▶ [RECORDED DATA]:
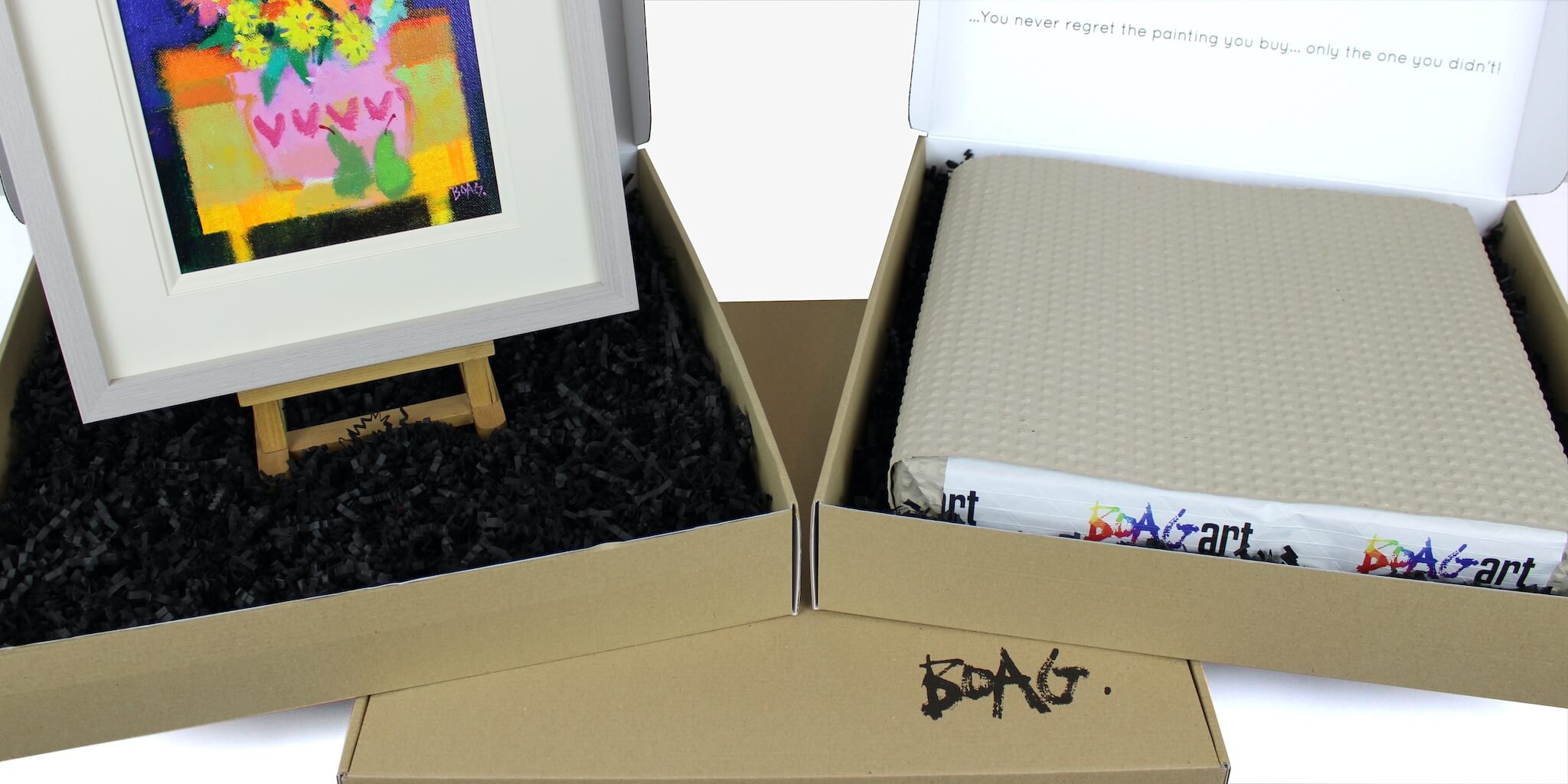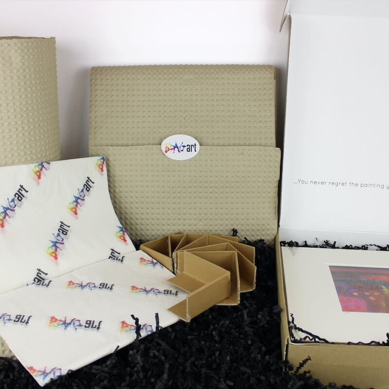 At Boagart Publishing, our prints and paintings are shipped in a special, custom-design mailer box that's hand signed by the Artist. Also, not content with just looking great, all our shipping materials have been specially selected to minimise the environmental impact of our products.
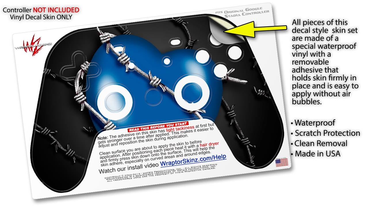Skin Decal Wrap works with Original Google Stadia Controller Barbwire Heart Blue Skin Only CONTROLLER NOT INCLUDED
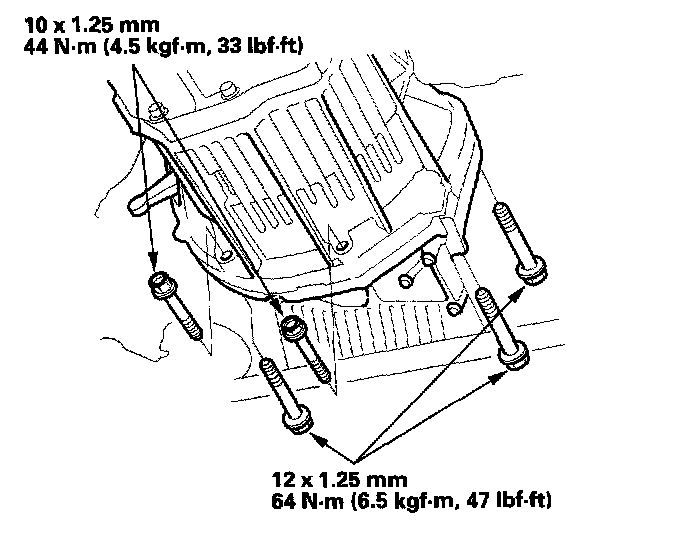 11. Install the five lower transmission mounting bolts.

▶ [PROBLEM TO WORK ON]: Each line above should be set down exactly as written, with pictures excluded.

▶ [OUTPUT OF THE EXERCISE]:
 At Boagart Publishing, our prints and paintings are shipped in a special, custom-design mailer box that's hand signed by the Artist. Also, not content with just looking great, all our shipping materials have been specially selected to minimise the environmental impact of our products.
Skin Decal Wrap works with Original Google Stadia Controller Barbwire Heart Blue Skin Only CONTROLLER NOT INCLUDED
 11. Install the five lower transmission mounting bolts.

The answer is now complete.